Валил Эдите на диван, боролся с нею, держал ее крепко, отчего она злилась еще больше, ибо в тот момент была совсем не расположена. Даже стукнула его однажды туфлей по голове, отражая чересчур страстные домогательства. После он долго сидел пригорюнившись, обхватив руками голову, а на следующий день припрятал ту пару туфель. Вернул только через неделю, после настоятельных просьб Эдите.
Он ей не раз говорил:
— В супружеской жизни бывают двоякого рода ссоры. Частые, но мелкие. Или редкие, но крупные. Так что выбирай!
— Я не хочу никаких ссор, — отвечала Эдите.
— Это невозможно, — возражал он. — Рассуди сама: если ты выберешь частые, но мелкие ссоры, а я выберу редкие, но крупные, покоя нам вообще не видать. Давай уж сразу условимся. А совсем без ссор не обойтись.
Иногда на имя Эдите приходили странные открытки за подписью «Мумий». Помнится, на одной был нарисован умывающийся мишка, а внизу подпись: «Мойся, мишка, ждет тебя пышка!»
К этому от руки добавлено:
«Дорогая, напоминаю, что на восьмой год нашей счастливой супружеской жизни я сам умываюсь каждое утро. Мумий».
Иногда, вернувшись с работы, он с пресерьезным видом начинал рассказывать совершенно дикие вещи.
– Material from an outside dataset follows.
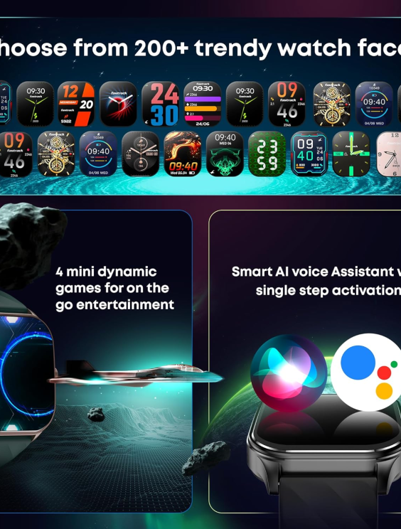 • Advanced 110+ Sports Modes, 200+ Watchfaces, In-Built Games, AI Voice Assistant and many more handy features at a single tap; Health Monitoring with Auto Stress monitor, 24×7 Heart Rate, Sleep Tracker, Spo2 and Women’s Health

Например, будто он только что видел, как офицер-араб верхом на верблюде въехал в ворота военного комиссариата, или что в Старой Риге градом убило двух кошек и дворника в ушанке из кошачьего меха.
У него было редкое свойство раньше времени не обнаруживать своих чувств и мыслей. С умным видом он умел поддакивать очевидным глупостям, потакать всяким розыгрышам. Если кто-то в искреннем заблуждении нес вздор и околесицу, Эдмунд прикидывался этаким простачком. Он любил вышучивать людей. Делал вид, будто соглашается с заведомо вздорными взглядами, только кое-что не понимает и посему просит разъяснить поподробней, в главных-де чертах ему все ясно, но вот однажды подобный же взгляд он пытался отстаивать в узком кругу и не смог привести достаточно убедительных доказательств.
И с выражением сочувствия Эдмунд начинал задавать вопросы. Защитник нелепых взглядов при виде такой заинтересованности пускался в подробности, однако простенькие с виду вопросы Эдмунда на самом деле были столь же безжалостны, как удары клинка, и очень скоро незадачливый собеседник обнаруживал себя распотрошенным в пух и прах. И тогда Эдмунд благодушно хлопал его по плечу со словами:
— Ну, вот видишь, а я-то думал, мы с тобой правы.
В студенческие годы он занимался в драмкружке, играя характерные роли. Он умел вжиться в какую-нибудь страсть: стяжательство, безумную любовь, роковое заблуждение или иную маниакальную идею.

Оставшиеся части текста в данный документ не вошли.